• _DATA PROVIDED_
<<<<

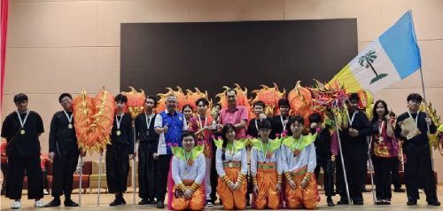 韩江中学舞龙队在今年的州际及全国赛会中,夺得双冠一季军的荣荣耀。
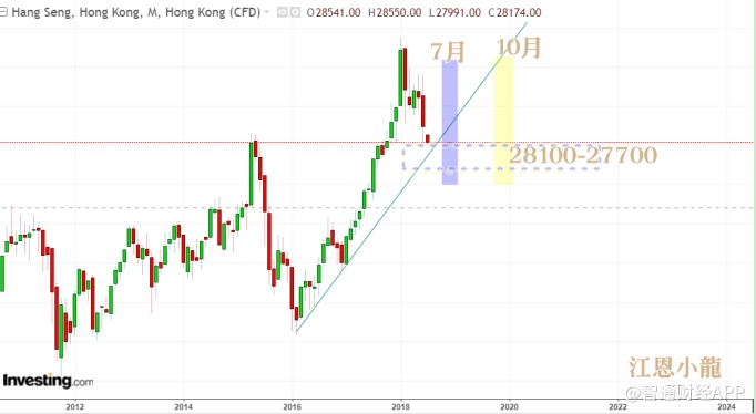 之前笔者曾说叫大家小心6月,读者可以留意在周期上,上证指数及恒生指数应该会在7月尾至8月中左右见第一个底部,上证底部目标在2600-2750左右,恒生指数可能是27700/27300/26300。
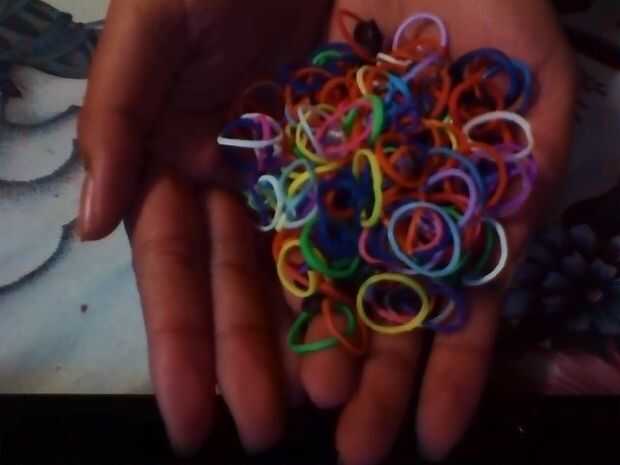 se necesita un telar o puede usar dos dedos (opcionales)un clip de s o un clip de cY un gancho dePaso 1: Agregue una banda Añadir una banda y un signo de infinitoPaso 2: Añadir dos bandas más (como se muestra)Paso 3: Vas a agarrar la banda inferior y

>>>>

• _ACTIVITY_
Your answer must be an exact copy of the lines from the one with "之前笔者曾说叫大家小心6月,读者可以留意" through the final line of the data, both included, without any pictures.

• _EXPECTED ANSWER_
 之前笔者曾说叫大家小心6月,读者可以留意在周期上,上证指数及恒生指数应该会在7月尾至8月中左右见第一个底部,上证底部目标在2600-2750左右,恒生指数可能是27700/27300/26300。
 se necesita un telar o puede usar dos dedos (opcionales)un clip de s o un clip de cY un gancho dePaso 1: Agregue una banda Añadir una banda y un signo de infinitoPaso 2: Añadir dos bandas más (como se muestra)Paso 3: Vas a agarrar la banda inferior y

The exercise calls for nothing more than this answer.